In a second aspect of the present disclosure, a method of random access channel (RACH) transmission, by a base station, includes transmitting, to a user equipment (UE), a configuration of at least one candidate cell; transmitting a control signaling to indicate the UE to transmit a physical random access channel (PRACH) to a first candidate cell of the least one candidate cell; and receiving a PRACH preamble transmitted by the UE to measure uplink time of the UE.

In a third aspect of the present disclosure, a UE includes a memory, a transceiver, and a processor coupled to the memory and the transceiver. The UE is configured to perform the method in the first aspect.

Embodiments of the present disclosure are described in detail with the technical matters, structural features, achieved objects, and effects with reference to the accompanying drawings as follows. Specifically, the terminologies in the embodiments of the present disclosure are merely for describing the purpose of the certain embodiment, but not to limit the disclosure.

The technical solutions of the embodiments of the present disclosure can be applied to various communication systems, such as a global system of mobile communication (GSM) system, a code division multiple access (CDMA) system, a wideband code division multiple access (WCDMA) system, a general packet radio service (GPRS), a long term evolution (LTE) system, a LTE frequency division duplex (FDD) system, a LTE time division duplex (TDD) system, an advanced long term evolution (LTE-A) system, a new radio (NR) system, an evolution system of a NR system, a LTE-based access to unlicensed spectrum (LTE-U) system, a NR-based access to unlicensed spectrum (NR-U) system, an universal mobile telecommunication system (UMTS), a global interoperability for microwave access (WiMAX) communication system, wireless local area networks (WLAN), wireless fidelity (Wi-Fi), a future 5th generation (5G) system (may also be called a new radio (NR) system) or other communication systems, etc.

Optionally, a base station mentioned in the embodiments of the present application can provide a communication coverage for a specific geographic area and can communicate with a user equipment (UE) located in the coverage area. Optionally, the base station may be a gNB, a base transceiver station (BTS) in the GSM or in the CDMA system, or may be a NodeB (NB) in the WCDMA system, or may be an evolutional Node B (eNB or eNodeB) in the LTE system, or a radio controller in a cloud radio access network (CRAN).

A user equipment (UE) may refer to an access terminal, a subscriber unit, a subscriber station, a mobile station, a remote station, a remote terminal, a mobile device, a user terminal, a terminal, a wireless communication device, a user agent, or a user device.
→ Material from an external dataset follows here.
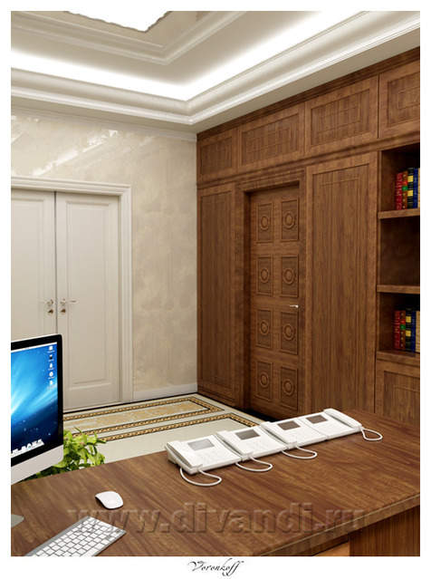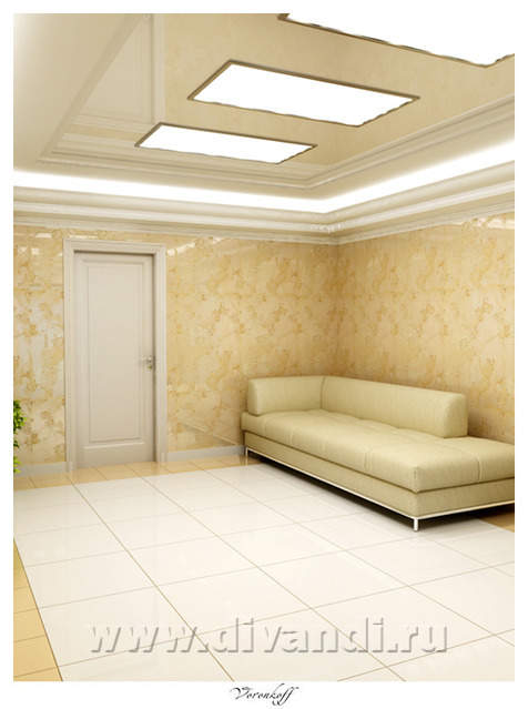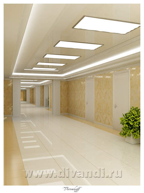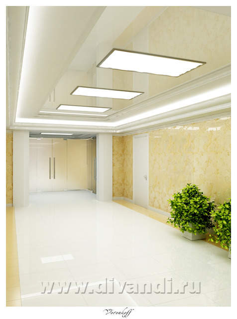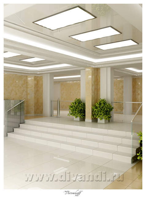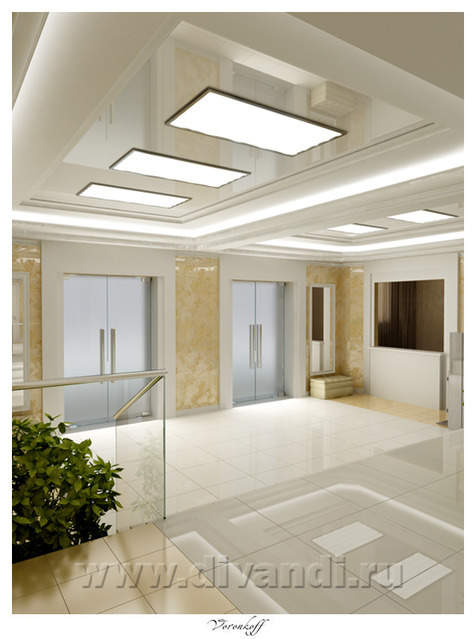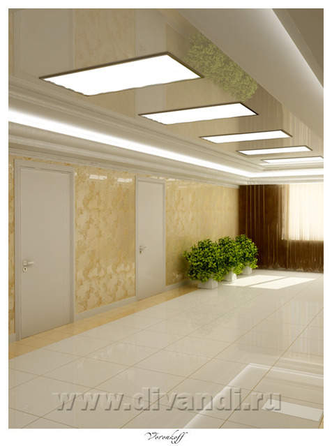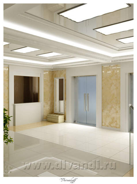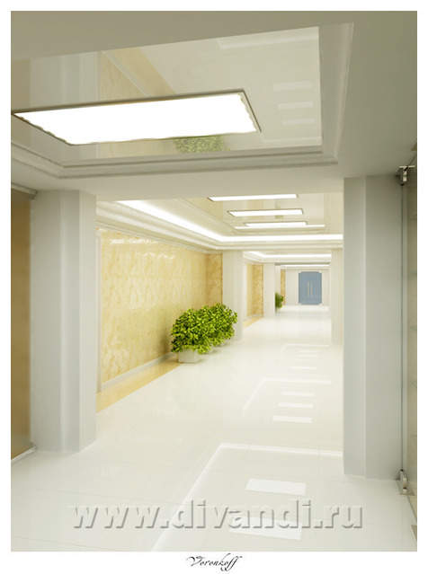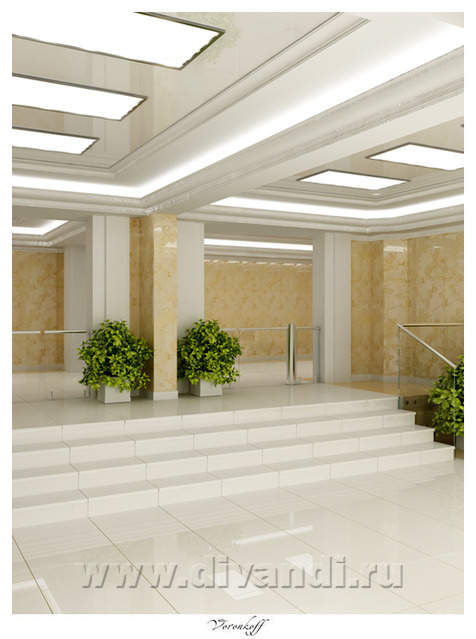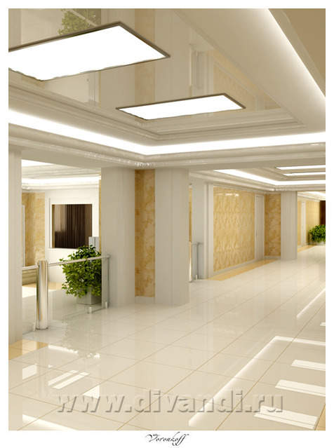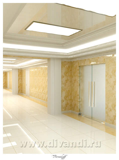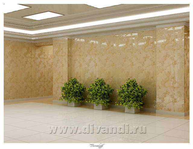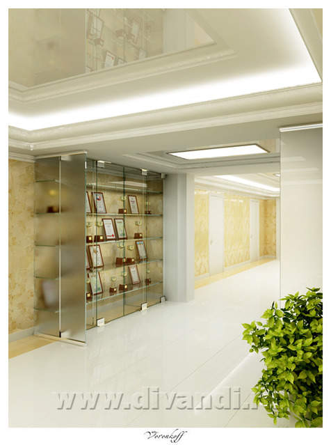 В качестве основного напольного материала в этом проекте используется полированный керамогранит белого цвета в сочетание с матовым керамогранитом бежевого цвета. В помещениях приемной и видео студии на полу лежат авторские ковры ручной работы Alexanders Collection.

The access terminal may be a cellular radio telephone, a cordless telephone, a session initiation protocol (SIP) telephone, a wireless local loop (WLL) station, a personal digital assistant (PDA), a handheld device with wireless communication functions, a computing device, other processing devices coupled with a wireless modem, an in-vehicle device, a wearable device, a terminal device in a future 5G network, a terminal device in a future evolved PLMN, etc.

Optionally, the communication system in the embodiment of the present application may be applied to an unlicensed spectrum, where the unlicensed spectrum may also be considered as a shared spectrum; or the communication system in the embodiment of the present application may also be applied to a licensed spectrum, where the licensed spectrum can also be considered an unshared spectrum.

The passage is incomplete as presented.